We iterate and cluster nested clusters with unclustered points or other nested clusters. The algorithm ends when there is only one cluster, we can then cut the dendogram at a lower level to get a number > 1 of clusters.
The dendogram shows an the y axis the logical distance between the merged clusters, by means of the chosen metric.
Memory complexity: O(n^2)
Time complexity: O(n^3) some times reduced to O(n^2*log(n))
Hierarchical clustering, algo
Basic algorithm is straightforward Compute the proximity matrix Let each data point be a cluster Repeat Merge the two closest clusters Update the proximity matrix Until only a single cluster remains
MIN, MAX, Group Average
Proximity measures between clusters: please note that the first step in MIN is the same of MAX, finding the minimum distance between points, we use other proximity measures when we have clusters, not single points.
MIN:
- PROS: can handle non elliptical shapes -> k-means can’t
- cons: sensitive to noise and outliers
MAX: select in the matrix the minimum max distance between points in the clusters
- PROS: less susceptible to noise and outliers
- Cons: tends to break large clusters, and is biased towards globular clusters
Group average: Compromise between MIN and MAX
-pros: less susceptible to noise and outliers
-cons: biased toward globular clusters
Ward’s Method:
- Similarity of two clusters is based on the increase in squared error when two clusters are merged
- Analogue of K-means, can be used to initalize K-means
DBSCAN
The only parameter is density and minPts: it uses density to define clusters, the number of clusters is decided by the algo.

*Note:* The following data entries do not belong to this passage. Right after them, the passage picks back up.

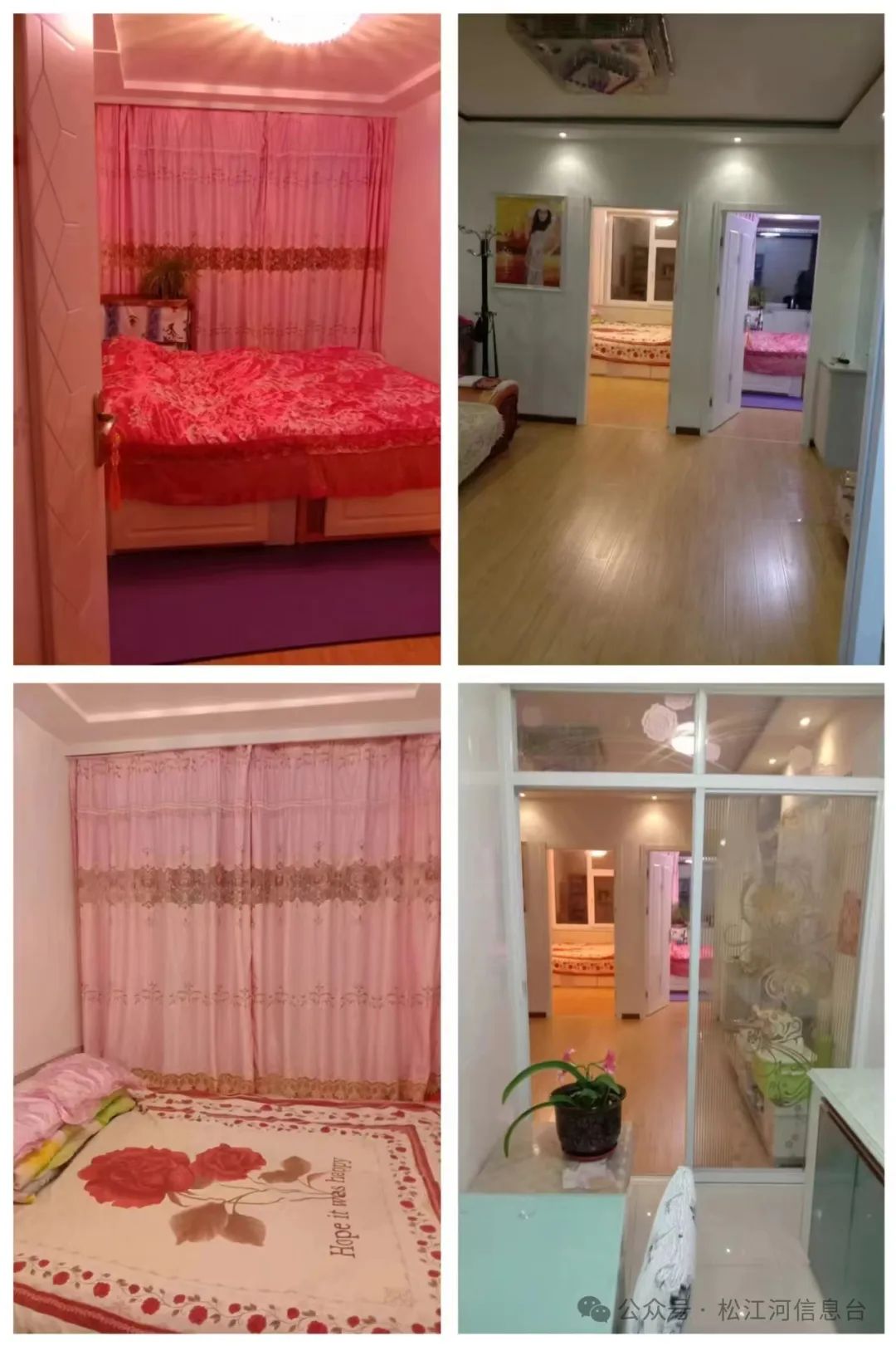 松江河镇中心,迎宾B区2楼100.69平,老式装修,前后阳台,采光好,镇中心,临近广场,周边商业圈,手续齐全,房照满五,随时过户,最低价20万,非诚勿扰,不讲价。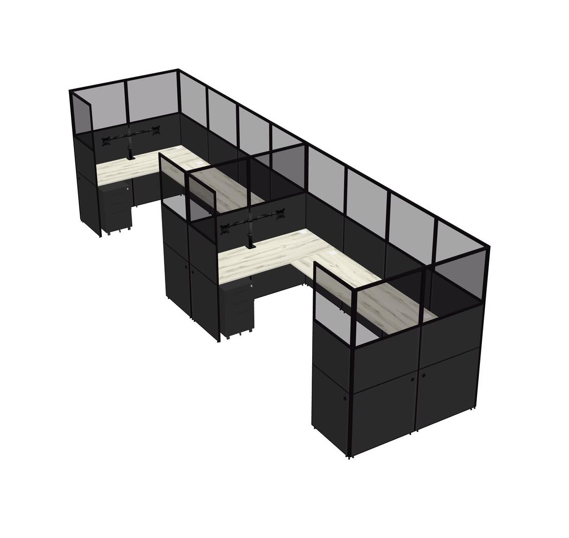 Système De Panneaux En U Heinne Holz Pour 2 Personnes + Bras D'écran (bras Doubles) + Tiroirs Mobiles En Métal Pour 2 Utilisateur(s)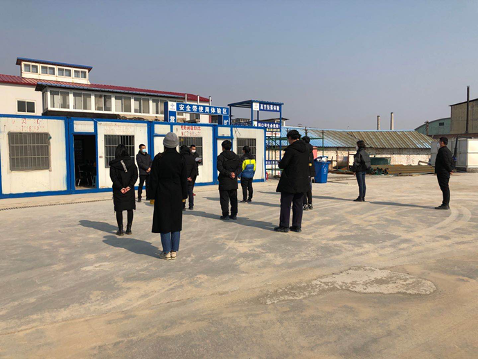 返岗第一天,项目部就疫情防控工作召开全体职工大会,为每位员工宣贯项目管理措施,五大法宝不能少:口罩、隔离、测温、消毒、通风,每人发口罩、进京人员隔离14天、每日测温登记、早晚消毒2次、长通风保持空气畅通。成立以项目书记周海亮为组长的防疫小组,每日开展“六查”,查体温、查清洁、查通风、查消毒、查卫生、查身体。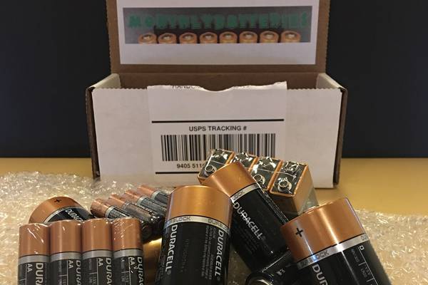 MonthlyBatteries sends name brand batteries each month to your door for as low as $2.00/month. You can get a wide range of battery sizes, including hearing aid batteries.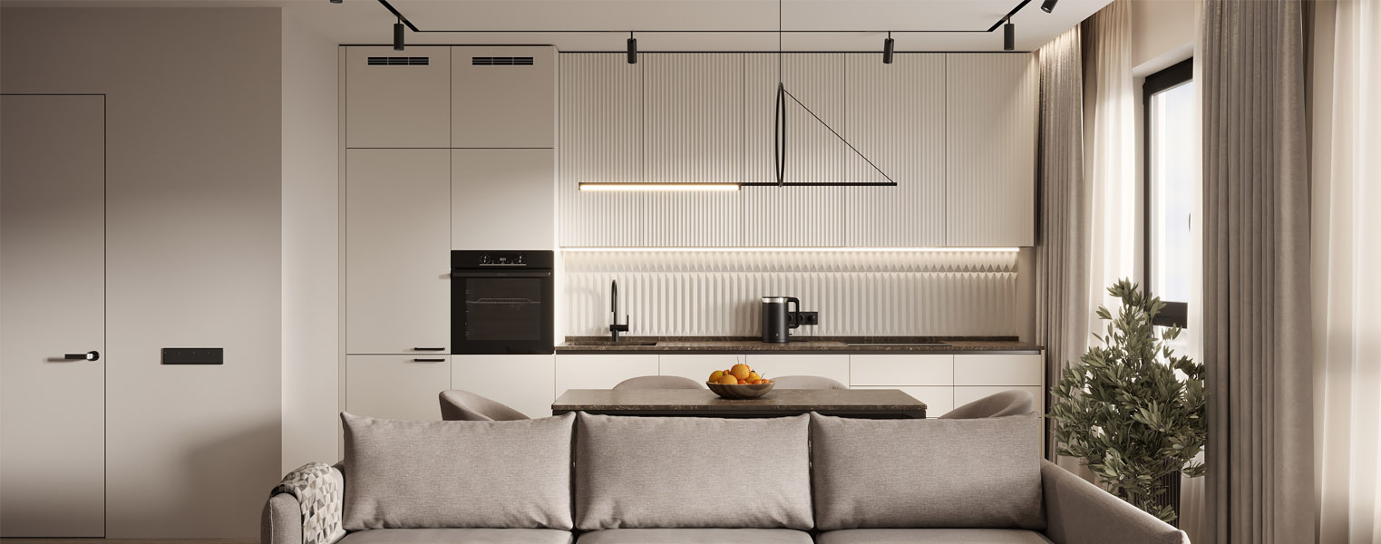 Прямая кухня с высокими колонками под встроенный холодильник и духовой шкаф. Матовые фасады Тинто на колонках и столах, и матовые фасады Регина на шкафах. Столешница из кварцевого агломерата с мойкой подстольного монтажа. Правее от мойки расположена варочная поверхность и врезная вытяжка в шкаф. Для освещения рабочей зоны под шкафами установлен угловой профиль со светодиодной лентой.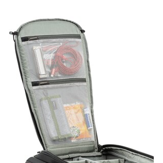 Med fästen på framsidan och sidopanelerna kan du bära ditt stativ och med en kabelvinda kan du bära filter och blixttillbehör.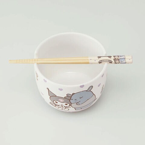 陶器製 ボウル 箸 セット 600ml 21cm 食器 鉢 お椀 丼 竹箸 カトラリー 焼き物 陶物 可愛い 便利 CHBWH1 クロミ クロミちゃん バク サンリオ skater スケーター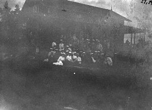 | valokuva: osakuntalaisia matkustajakodin edessä, kesäjuhlat |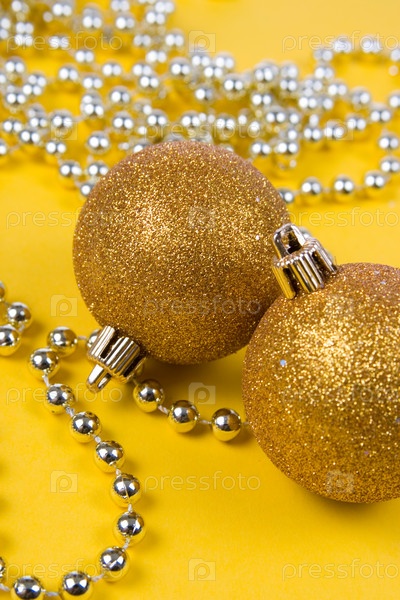 Рождественские украшения на желтом фоне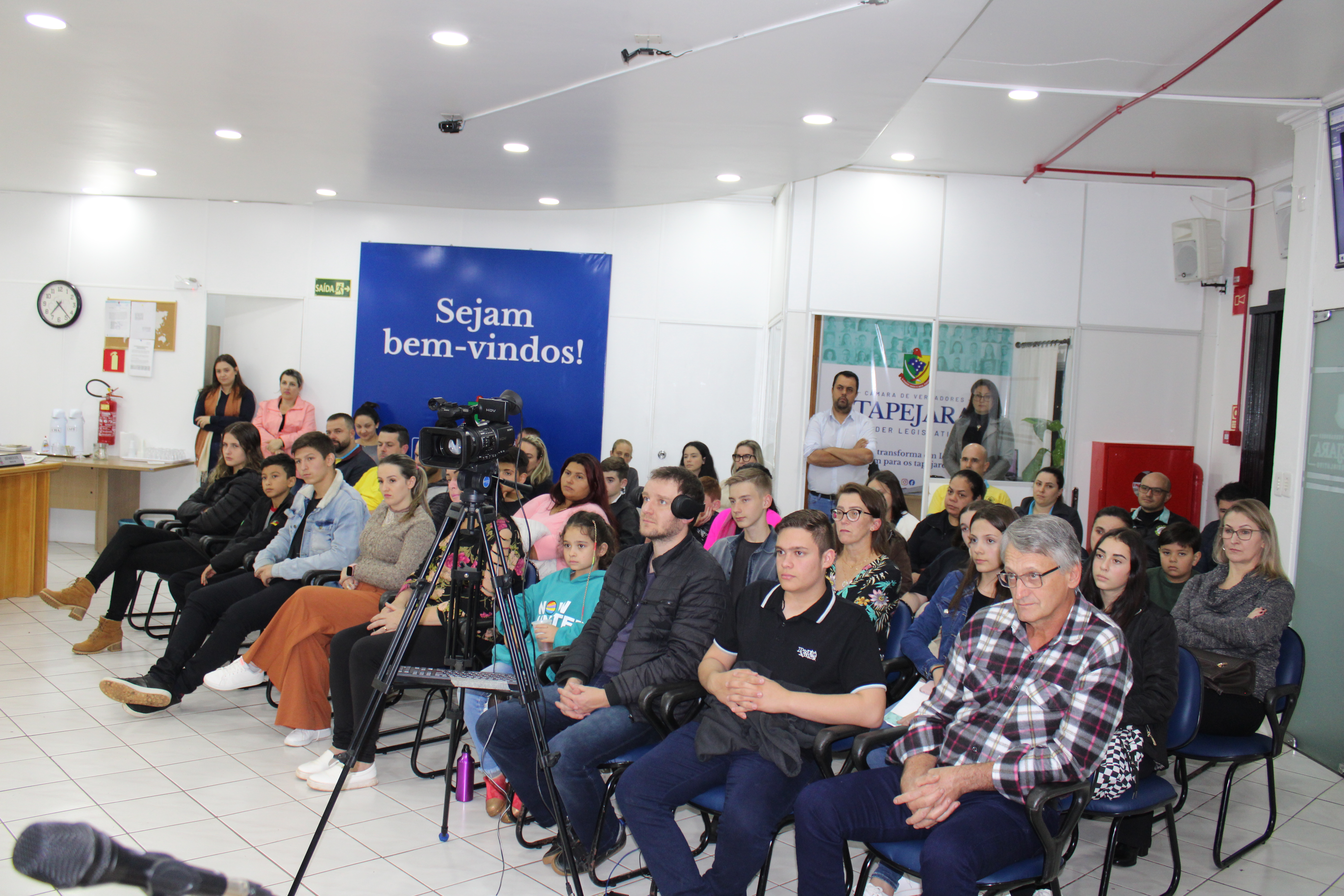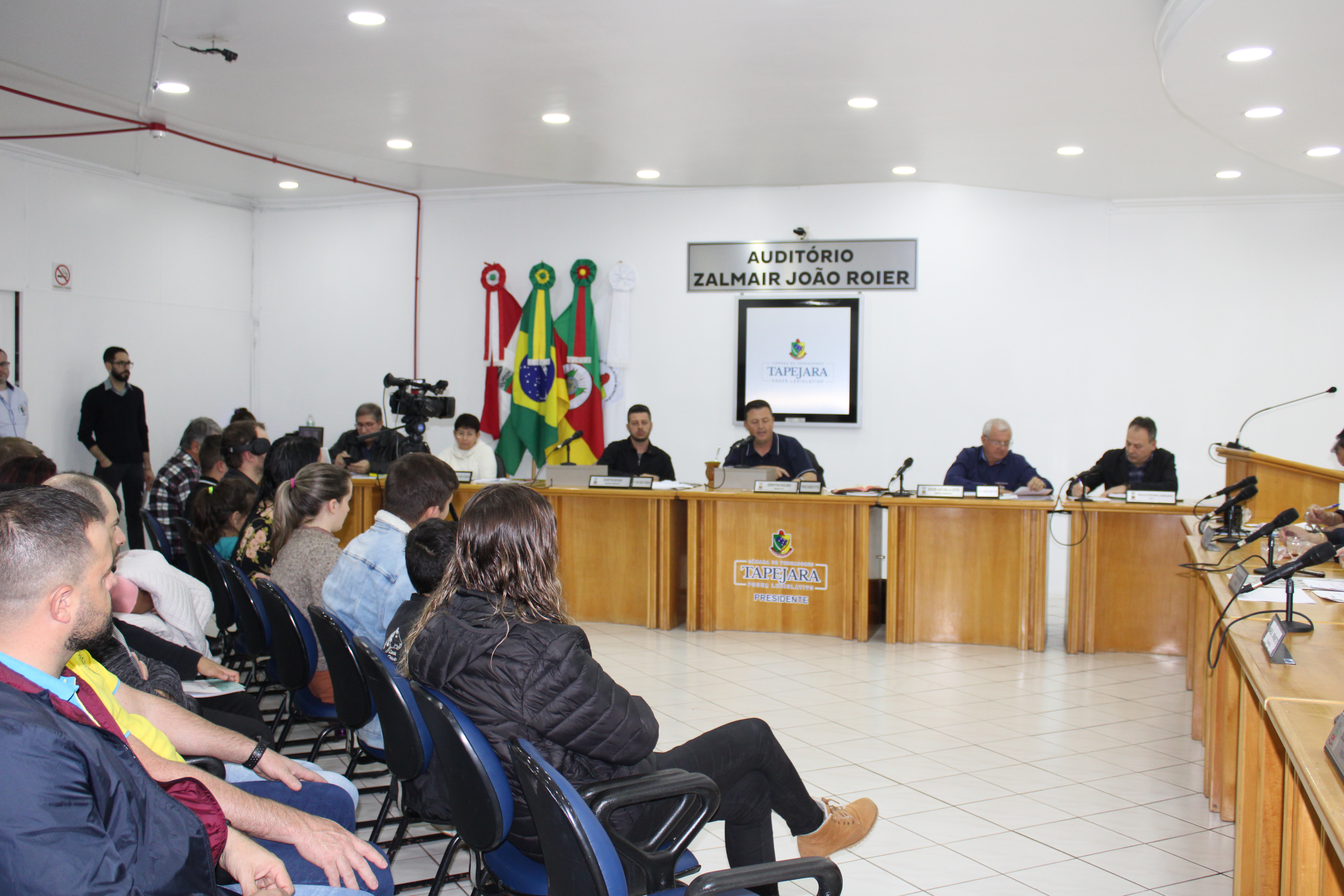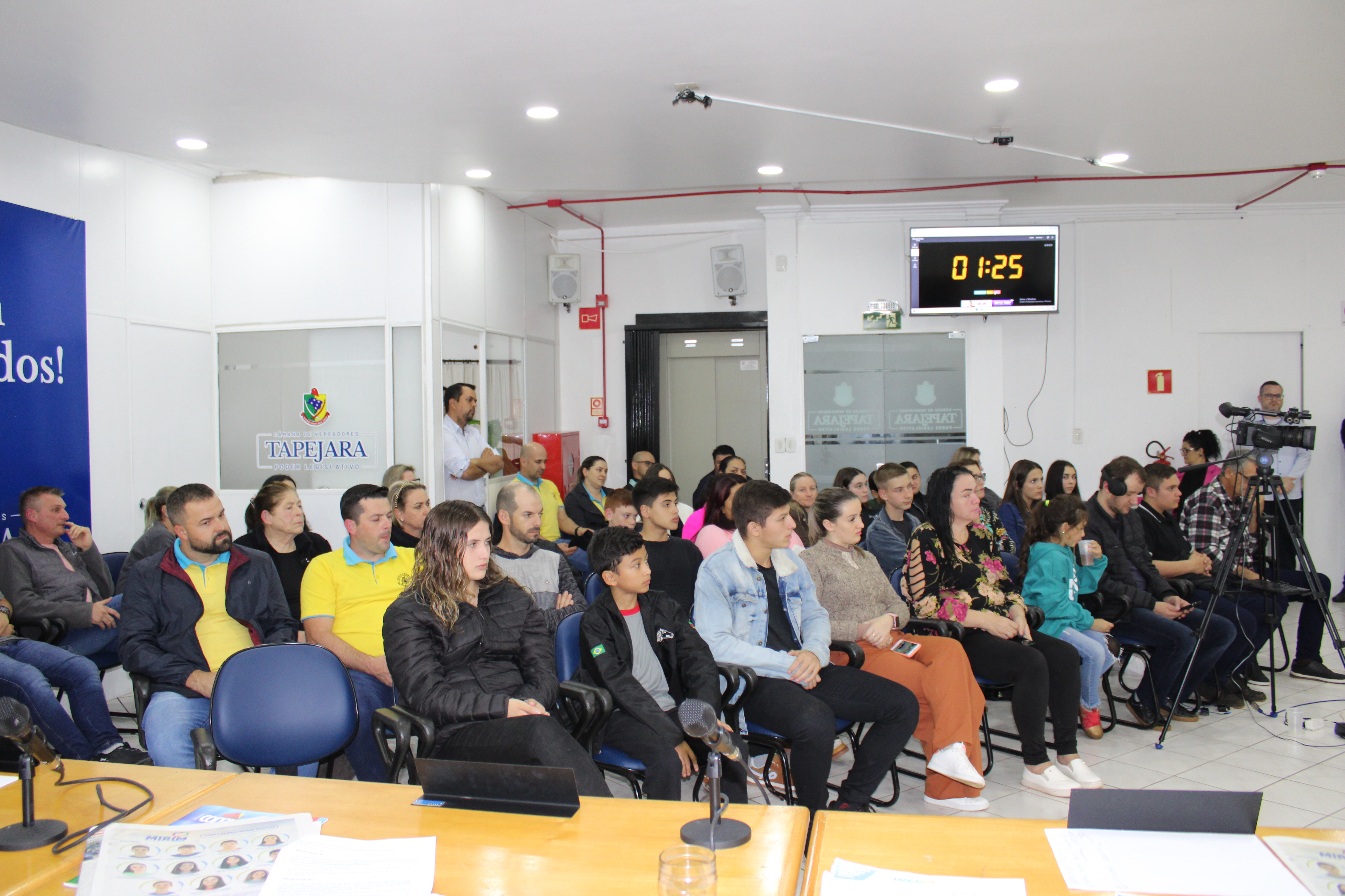 A Sessão Ordinária do dia 22 de maio contou com uma grande participação de público, entre eles os Vereadores Mirins e seus Suplentes que vieram acompanhados de seus familiares, Professores e representantes da Direção das Escolas. Ainda a presença dos integrantes do Grupo de Ciclismo Tapejara, do Sr. Elso Scariot - Vice Presidente da Coprel, Jaqueline Palma - Coordenadora da Educação, Jackson G. da Silva - Secretário da Habitação.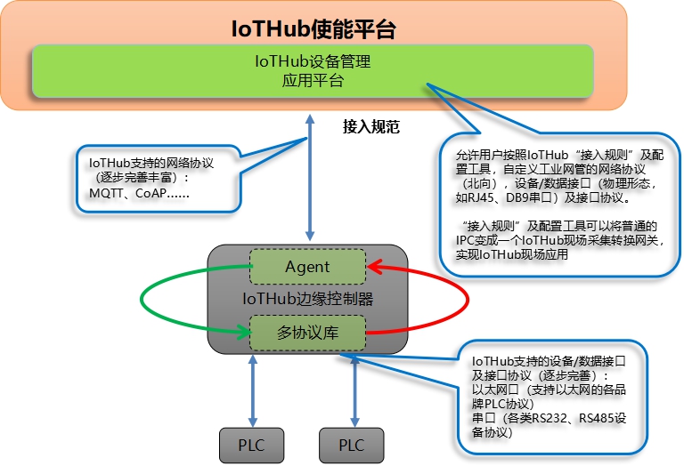 IoTHub邊緣控制器是IT和OT之間的物理接口,實現(xiàn)工業(yè)互聯(lián)網(wǎng)應用的南向與北向“互聯(lián)互通”。IoTHub邊緣控制器產(chǎn)品(圖3)包括IoTHub Agent邊緣采集網(wǎng)關、工控機等。結合不同的采集、處理及存儲需求,邊緣控制涵蓋ARM架構、X86架構的處理器,支持Linux及Windows操作系統(tǒng),結合工業(yè)現(xiàn)場典型的數(shù)據(jù)接口類型,典型的南向物理接口包括RJ45(LAN)、RS232、RS485、GPIO等接口,支持主流的PLC協(xié)議及數(shù)控協(xié)議,用于連接邊緣層設備。北向提供RJ45(WAN)、4G、WiFi等網(wǎng)絡接口,支持標準TCP/IP、MQTT等網(wǎng)絡協(xié)議,用于連接工業(yè)互聯(lián)網(wǎng)平臺或工業(yè)互聯(lián)網(wǎng)賦能平臺(圖4),完成IT與OT的物理融合。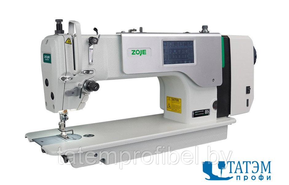 Одноигольная, прямострочная промышленная швейная машина челночного стежка, с нижним продвижением ткани, со встроенным в корпус сервомотором и блоком управления с сенсорным экраном, с увеличенным вылетом рукава длина 300 мм высота 120 мм, который позволяет шить крупногабаритные изделия, системой смазки: замкнутый «сухой» контур, с автоматическими функциями: позиции иглы, закрепки, подъема лапки, и обрезки ниток (до 3 мм), для шитья легких и средних материалов. Подходит для шитья деликатных тканей, так как замкнутая, «сухая» система смазки исключает попадание масла на ткань.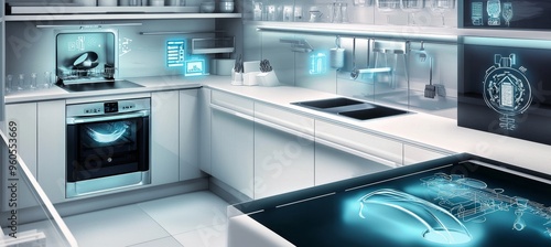 Futuristic Smart Kitchen with High-Tech Dishwashing Machine and Connected Home Hub Interface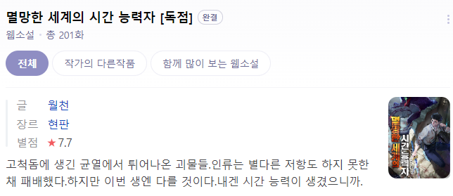 밀리터리 현대 판타지 소설, 월천의 멸망한 세계의 시간 능력자 작품 리뷰였습니다.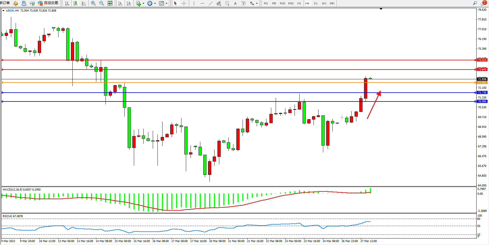 阻力位:73.640  74.424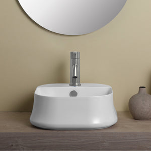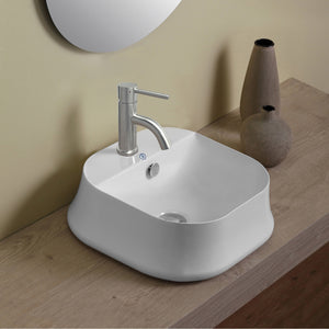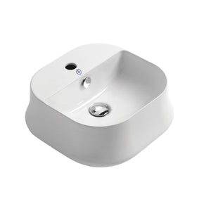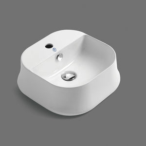 This square above mount basin with single hole drill and rear center drain, will complement your ideal design perfectly. Available in white only this sink has an overflow.

MinPts is the minimum number of points in the cluster.
Density: number of points within a specified radius (Eps)
- A point is a core point if it has more than a specified number of points (MinPts) within Eps: These are points that are at the interior of a cluster
- A border point has fewer than MinPts within Eps, but is in the neighborhood of a core point
- A noise point is any point that is not a core point or a border point.
Pros:
- Resistant to Noise
- Can handle clusters of different shapes and sizes
Cons:
- Doesn’t recogniezes clusters with non-uniform densities and high dimensional data.
- We can counter that by applying the algortihm two times, one with high density and one with higher density on the noise points of the first algo.
Determining Epsilon: distance of every point to its kth nearest neighbour.
Measures of cluster
Cluster cohesion: measures how closely related are objects in a cluster (WSS)
Cluster separation: measure how distinct or well-separated a cluster is from other clusters (BSS)
Silhoutte: a succint measure to evaluate how well each object lies within its cluster
- for each object i
- a(i) the average dissimilarity of i with all other data within the samecluster (the smaller the value, the better the assignment)
- b(i) is the lowest average dissimilarity of i to any other cluster, of which i is not a member
- the average s(i) over all that of the data of a cluster measures how tightly grouped all the data in a cluster is
- s(i) = (b(i)-a(i))/max{a(i),b(i)}
The validation of clustering structures is the most difficult and frustrating part of cluster analysis.
Application of cluster analysis
- Understanding: group related documents for browsing, group genes and proteins that have similar functionality, group stock with similar price fluctuations
- Summarization: reduce size of data sets
Types of clustering
Partitioninal: division into non overlapping subsets, such that each data object is in exactly one subset
Hierachical : a set of nested clusters
Exclusive vs non exclusive
Fuzzy: a point belongs to every cluster with some weight
Partial versus complete: cluster only some data
Heterogeneus: widely different clusters
K-means
Partitional clustering approach
Each cluster is associated with a centroid (center point)
Each point is assigned to the cluster with the closest centroid
Number of clusters, K, must be specified
The basic algorithm is very simple:
1.Select k points as initial records
2.repeat
3. form k clusters by assigning all points to the closest centroid
4. recompute the centroid of each cluster
5.until the cetroids don’t change
Choosing the inital centroids is very important, with k, the number of centroids.